• Records
- - -

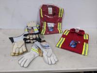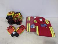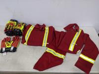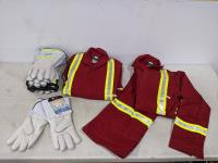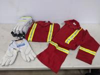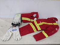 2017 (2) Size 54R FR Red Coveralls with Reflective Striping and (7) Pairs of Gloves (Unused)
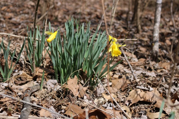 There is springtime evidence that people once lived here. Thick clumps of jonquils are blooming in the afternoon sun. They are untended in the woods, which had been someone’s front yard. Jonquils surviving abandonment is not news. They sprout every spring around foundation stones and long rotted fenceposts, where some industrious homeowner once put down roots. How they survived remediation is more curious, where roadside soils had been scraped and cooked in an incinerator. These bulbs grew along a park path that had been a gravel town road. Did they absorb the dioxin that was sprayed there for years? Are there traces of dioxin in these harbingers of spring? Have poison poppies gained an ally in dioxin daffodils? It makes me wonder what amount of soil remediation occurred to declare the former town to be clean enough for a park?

- - -

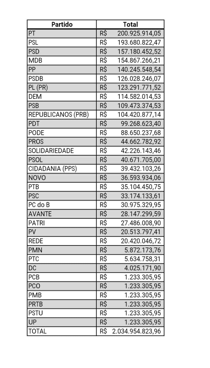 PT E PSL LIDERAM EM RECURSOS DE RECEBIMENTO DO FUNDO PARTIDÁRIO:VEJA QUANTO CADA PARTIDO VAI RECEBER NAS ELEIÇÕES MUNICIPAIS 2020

- - -

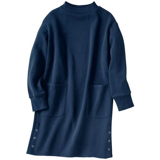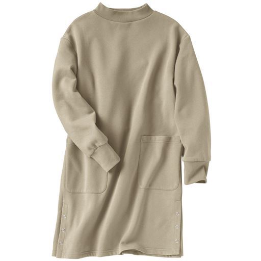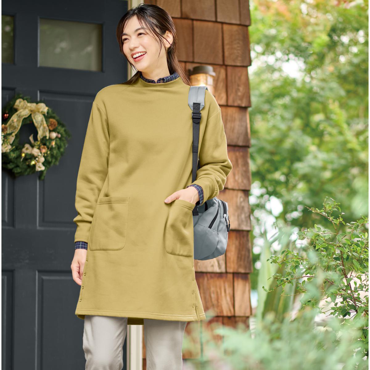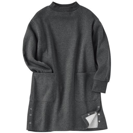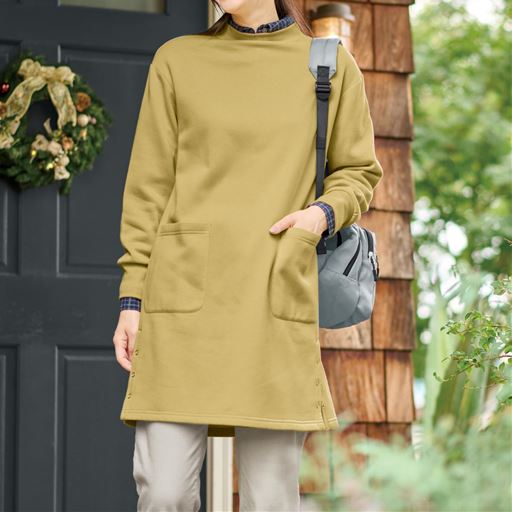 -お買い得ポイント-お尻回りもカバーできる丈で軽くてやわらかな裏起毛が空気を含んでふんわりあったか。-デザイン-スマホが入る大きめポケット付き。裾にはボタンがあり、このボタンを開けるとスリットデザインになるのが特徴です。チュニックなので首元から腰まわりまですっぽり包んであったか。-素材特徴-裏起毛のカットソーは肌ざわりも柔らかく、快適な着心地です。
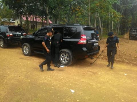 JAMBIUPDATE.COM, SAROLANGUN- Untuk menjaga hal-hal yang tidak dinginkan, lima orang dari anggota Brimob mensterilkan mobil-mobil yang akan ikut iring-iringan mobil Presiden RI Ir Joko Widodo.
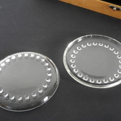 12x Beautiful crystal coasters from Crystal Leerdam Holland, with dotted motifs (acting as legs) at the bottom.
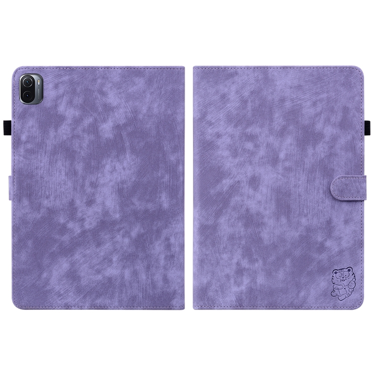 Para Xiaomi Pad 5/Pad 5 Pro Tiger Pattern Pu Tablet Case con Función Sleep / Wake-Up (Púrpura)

- - -

When you reach the line with "12x Beautiful crystal" in the records above, begin repeating the lines exactly, and stop after the line with "Para Xiaomi Pad". Skip all pictures.

 12x Beautiful crystal coasters from Crystal Leerdam Holland, with dotted motifs (acting as legs) at the bottom.
 Para Xiaomi Pad 5/Pad 5 Pro Tiger Pattern Pu Tablet Case con Función Sleep / Wake-Up (Púrpura)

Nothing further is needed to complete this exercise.